= What to work on =
Where an entry contains a picture, omit the picture and repeat the rest exactly.

= Dataset entries =
------------------------------------------------

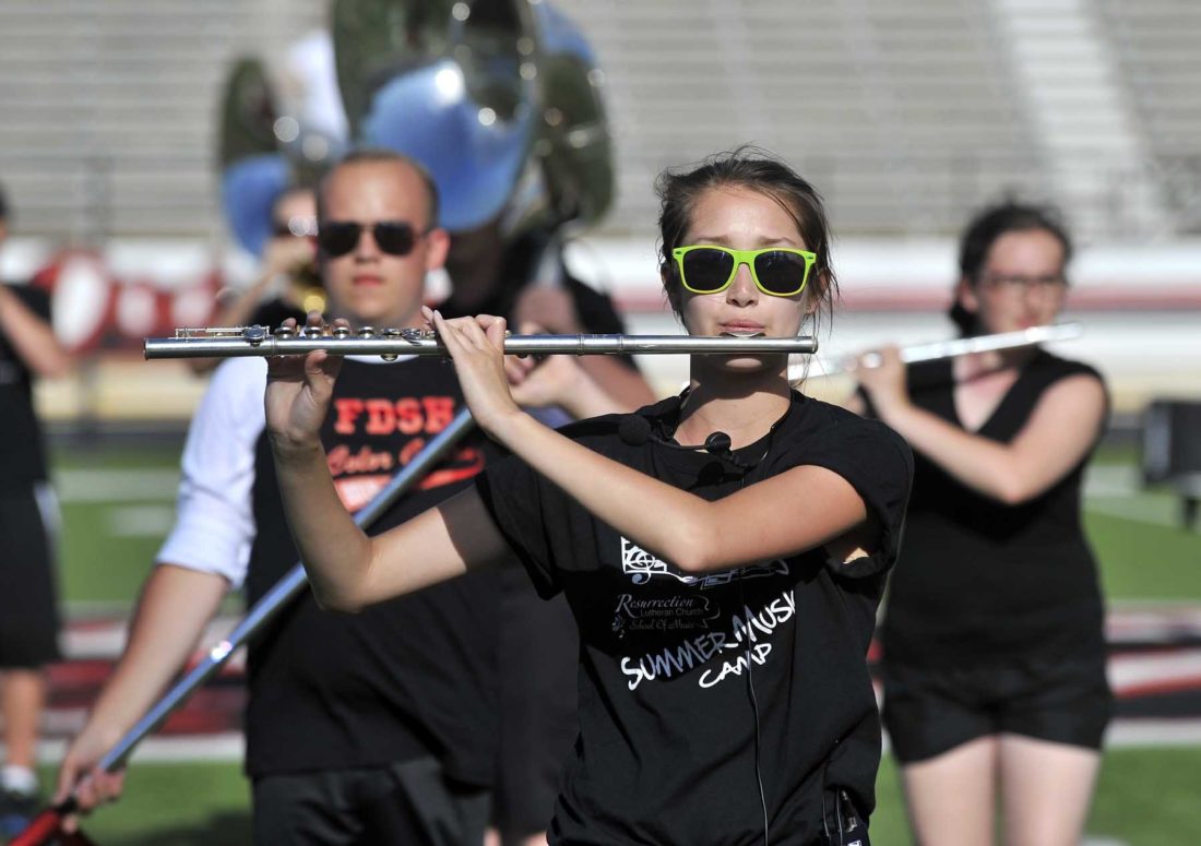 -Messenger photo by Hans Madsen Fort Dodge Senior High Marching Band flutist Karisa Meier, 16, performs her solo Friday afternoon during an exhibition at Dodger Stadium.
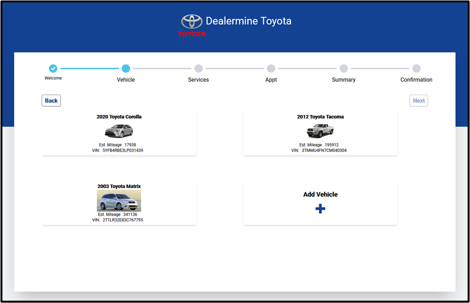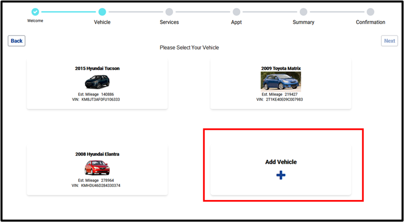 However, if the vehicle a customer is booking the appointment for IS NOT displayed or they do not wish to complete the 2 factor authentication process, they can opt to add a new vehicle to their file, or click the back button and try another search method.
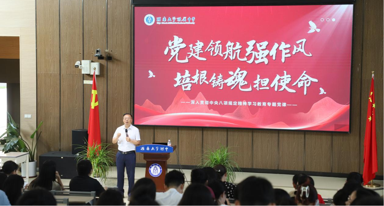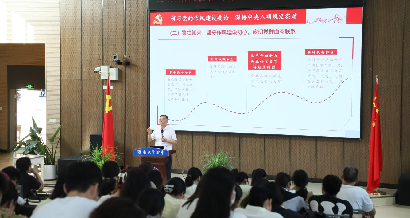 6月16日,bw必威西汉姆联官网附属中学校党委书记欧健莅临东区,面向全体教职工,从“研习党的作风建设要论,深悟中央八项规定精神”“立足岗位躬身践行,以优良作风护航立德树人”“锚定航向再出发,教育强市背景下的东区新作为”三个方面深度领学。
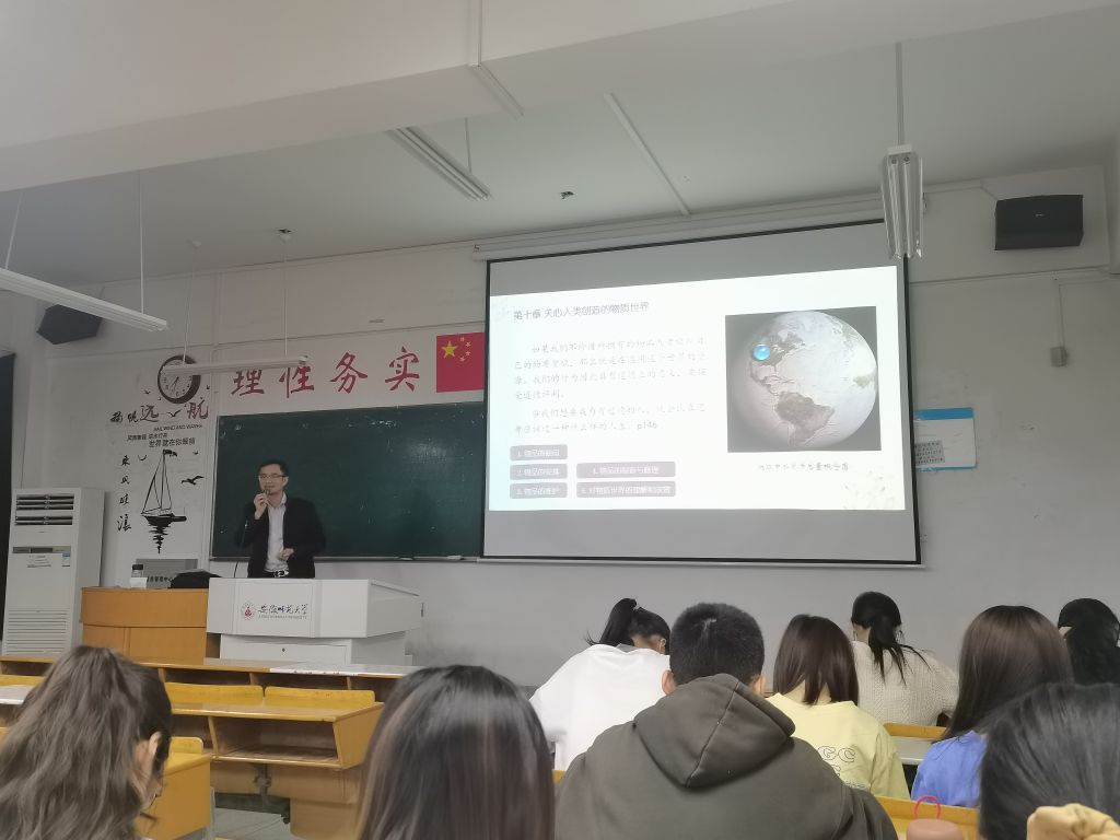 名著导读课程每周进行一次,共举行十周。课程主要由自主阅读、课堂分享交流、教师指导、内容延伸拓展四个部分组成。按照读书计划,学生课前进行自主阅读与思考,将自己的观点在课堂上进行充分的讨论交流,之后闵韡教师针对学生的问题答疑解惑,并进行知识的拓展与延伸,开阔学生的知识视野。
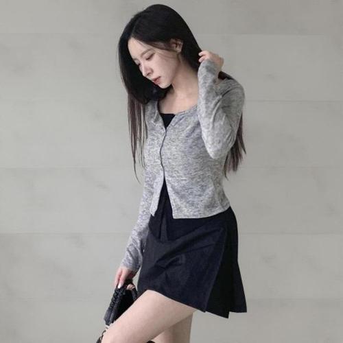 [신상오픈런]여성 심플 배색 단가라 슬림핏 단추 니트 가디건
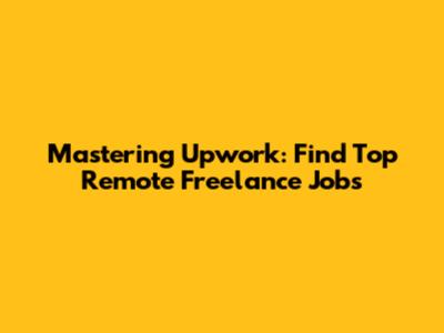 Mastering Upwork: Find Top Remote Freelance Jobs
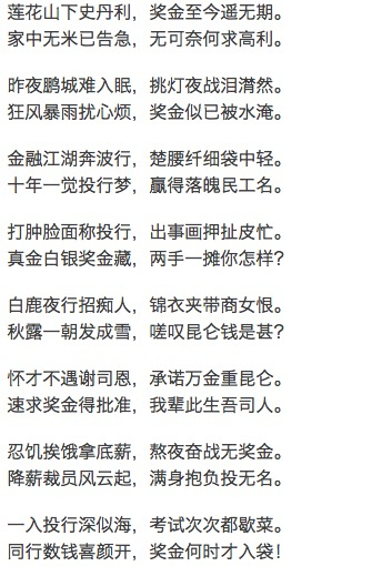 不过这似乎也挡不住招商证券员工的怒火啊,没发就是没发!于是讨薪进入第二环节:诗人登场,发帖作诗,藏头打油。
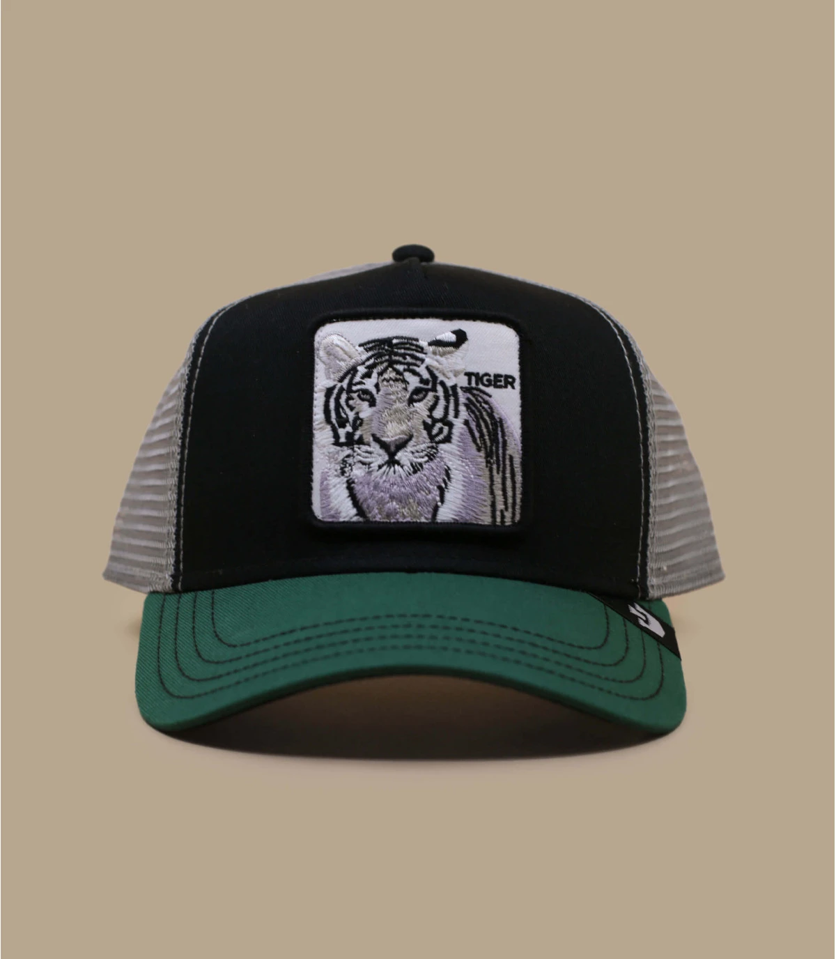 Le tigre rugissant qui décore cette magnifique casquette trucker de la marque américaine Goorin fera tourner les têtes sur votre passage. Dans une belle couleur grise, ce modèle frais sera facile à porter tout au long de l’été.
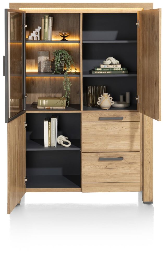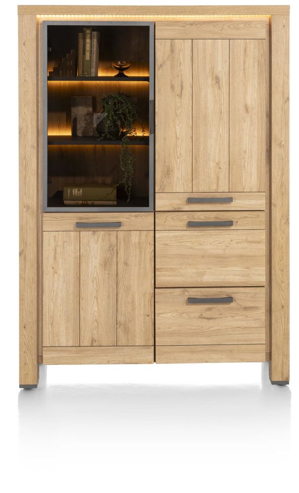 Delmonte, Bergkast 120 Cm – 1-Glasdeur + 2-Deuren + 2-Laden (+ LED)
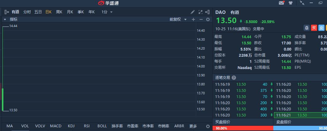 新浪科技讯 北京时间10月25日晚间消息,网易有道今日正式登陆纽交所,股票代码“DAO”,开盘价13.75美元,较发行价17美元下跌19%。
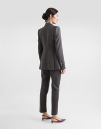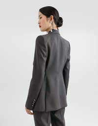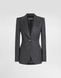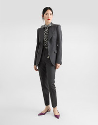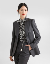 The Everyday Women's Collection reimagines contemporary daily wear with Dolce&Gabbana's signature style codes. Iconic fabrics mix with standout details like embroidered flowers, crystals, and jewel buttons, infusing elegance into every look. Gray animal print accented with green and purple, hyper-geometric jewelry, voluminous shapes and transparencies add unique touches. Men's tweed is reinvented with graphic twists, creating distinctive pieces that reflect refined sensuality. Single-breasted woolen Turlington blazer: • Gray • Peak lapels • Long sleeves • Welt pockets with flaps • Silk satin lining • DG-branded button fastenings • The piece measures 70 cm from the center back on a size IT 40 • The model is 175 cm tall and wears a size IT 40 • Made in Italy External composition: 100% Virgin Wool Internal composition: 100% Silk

------------------------------------------------

= Solution to this problem =
 -Messenger photo by Hans Madsen Fort Dodge Senior High Marching Band flutist Karisa Meier, 16, performs her solo Friday afternoon during an exhibition at Dodger Stadium.
 However, if the vehicle a customer is booking the appointment for IS NOT displayed or they do not wish to complete the 2 factor authentication process, they can opt to add a new vehicle to their file, or click the back button and try another search method.
 6月16日,bw必威西汉姆联官网附属中学校党委书记欧健莅临东区,面向全体教职工,从“研习党的作风建设要论,深悟中央八项规定精神”“立足岗位躬身践行,以优良作风护航立德树人”“锚定航向再出发,教育强市背景下的东区新作为”三个方面深度领学。
 名著导读课程每周进行一次,共举行十周。课程主要由自主阅读、课堂分享交流、教师指导、内容延伸拓展四个部分组成。按照读书计划,学生课前进行自主阅读与思考,将自己的观点在课堂上进行充分的讨论交流,之后闵韡教师针对学生的问题答疑解惑,并进行知识的拓展与延伸,开阔学生的知识视野。
 [신상오픈런]여성 심플 배색 단가라 슬림핏 단추 니트 가디건
 Mastering Upwork: Find Top Remote Freelance Jobs
 不过这似乎也挡不住招商证券员工的怒火啊,没发就是没发!于是讨薪进入第二环节:诗人登场,发帖作诗,藏头打油。
 Le tigre rugissant qui décore cette magnifique casquette trucker de la marque américaine Goorin fera tourner les têtes sur votre passage. Dans une belle couleur grise, ce modèle frais sera facile à porter tout au long de l’été.
 Delmonte, Bergkast 120 Cm – 1-Glasdeur + 2-Deuren + 2-Laden (+ LED)
 新浪科技讯 北京时间10月25日晚间消息,网易有道今日正式登陆纽交所,股票代码“DAO”,开盘价13.75美元,较发行价17美元下跌19%。
 The Everyday Women's Collection reimagines contemporary daily wear with Dolce&Gabbana's signature style codes. Iconic fabrics mix with standout details like embroidered flowers, crystals, and jewel buttons, infusing elegance into every look. Gray animal print accented with green and purple, hyper-geometric jewelry, voluminous shapes and transparencies add unique touches. Men's tweed is reinvented with graphic twists, creating distinctive pieces that reflect refined sensuality. Single-breasted woolen Turlington blazer: • Gray • Peak lapels • Long sleeves • Welt pockets with flaps • Silk satin lining • DG-branded button fastenings • The piece measures 70 cm from the center back on a size IT 40 • The model is 175 cm tall and wears a size IT 40 • Made in Italy External composition: 100% Virgin Wool Internal composition: 100% Silk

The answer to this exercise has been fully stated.